Prompt injection: The inference router does not inspect prompt content, so an agent can still be tricked into leaking data through allowed API calls
Resource exhaustion: An agent can consume all allocated CPU or memory, requiring manual intervention
State corruption: If an agent writes malformed data to /workspace/state, the next restart may fail
Blueprint misconfiguration: Overly permissive network rules or model allowlists weaken isolation

The remaining attack surface includes:

The OpenShell sandbox itself (kernel exploits, container escapes)
The inference router (bugs in request validation or backend selection)
Host-side state directory (if an attacker gains write access, they can inject malicious state)
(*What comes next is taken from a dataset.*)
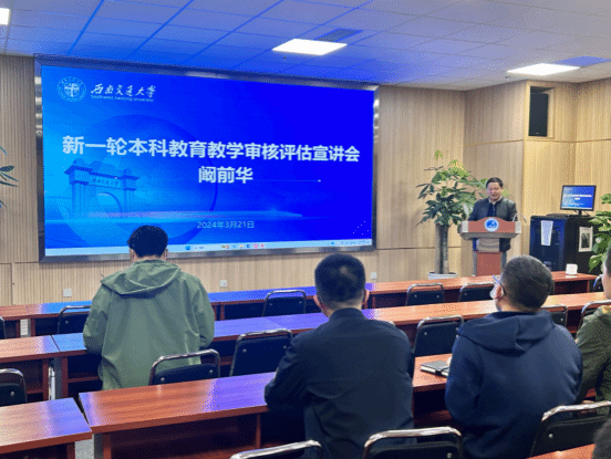 阚前华副院长从本科教育教学审核评估概要、学校评建工作开展情况、迎接新一轮审核评估教师何为、学习资料简介四个方面对新一轮本科教育教学审核评估工作进行了详细传达,特别强调了学院教师、学生在本次评估中的主要工作和任务,希望全院师生提前熟悉宣讲内容,配合学校和学院做好后续相关工作,以饱满的热情和良好的面貌迎接评估、参与评估。

NemoClaw assumes you trust the agent code enough to run it in a sandbox. It does not provide defense-in-depth against a fully adversarial agent.

Deployment Shape

NemoClaw runs on a single host. It is not a distributed system. Typical deployment:

One NemoClaw instance per physical or virtual machine
One agent per NemoClaw instance (multi-agent support is experimental)
Inference backend can be local (vLLM, Ollama) or remote (NVIDIA NIM, OpenAI)
State and logs stored on local disk or network-attached storage

For multi-host deployments, you run multiple NemoClaw instances and coordinate them with an external orchestrator (Kubernetes, Nomad, or a custom control plane). NemoClaw does not provide clustering or leader election.

Observability Hooks

NemoClaw logs to stdout and writes structured logs to ~/.nemoclaw/logs/. Each log entry includes:

Timestamp
Agent name
Event type (start, stop, inference request, error)
Request ID (for tracing inference calls)

You can forward logs to an external system (Loki, Elasticsearch, CloudWatch) by tailing the log files or configuring a sidecar.

The CLI also exposes a nemoclaw status command that shows:

Agent uptime
Last inference request timestamp
Resource usage (CPU, memory, GPU)
Health check status

There is no built-in metrics endpoint, but you can scrape resource usage from the OpenShell runtime or instrument the plugin layer.

When to Use NemoClaw vs. OpenShell Alone

Scenario	Use NemoClaw	Use OpenShell Alone
Running a supported agent (OpenClaw, Hermes)	Yes	No
Need managed inference routing	Yes	No
Want blueprint-based lifecycle management	Yes	No
Running a custom agent with unique setup	Maybe (write a plugin)	Yes
Need multi-host orchestration	No (use Kubernetes + OpenShell)	Yes
Want maximum control over sandbox config	No	Yes

NemoClaw is a convenience layer. If you need fine-grained control or are running an unsupported agent, use OpenShell directly and build your own lifecycle tooling.

Technical Verdict

Use NemoClaw when:

You are deploying OpenClaw or Hermes in production and need a reference stack for isolation and lifecycle management
You want to enforce network policy and inference routing without modifying agent code
You need state persistence and blueprint-based upgrades
You are running agents on a single host or a small number of hosts

Avoid NemoClaw when:

You need multi-host orchestration (use Kubernetes with OpenShell containers)
You are running a custom agent that does not fit the plugin model
You need defense-in-depth against adversarial agents (NemoClaw assumes some trust)
You want to minimize dependencies (OpenShell alone is lighter)

NemoClaw is early-stage infrastructure. The plugin API and blueprint schema will likely change. Treat it as a reference implementation, not a stable platform.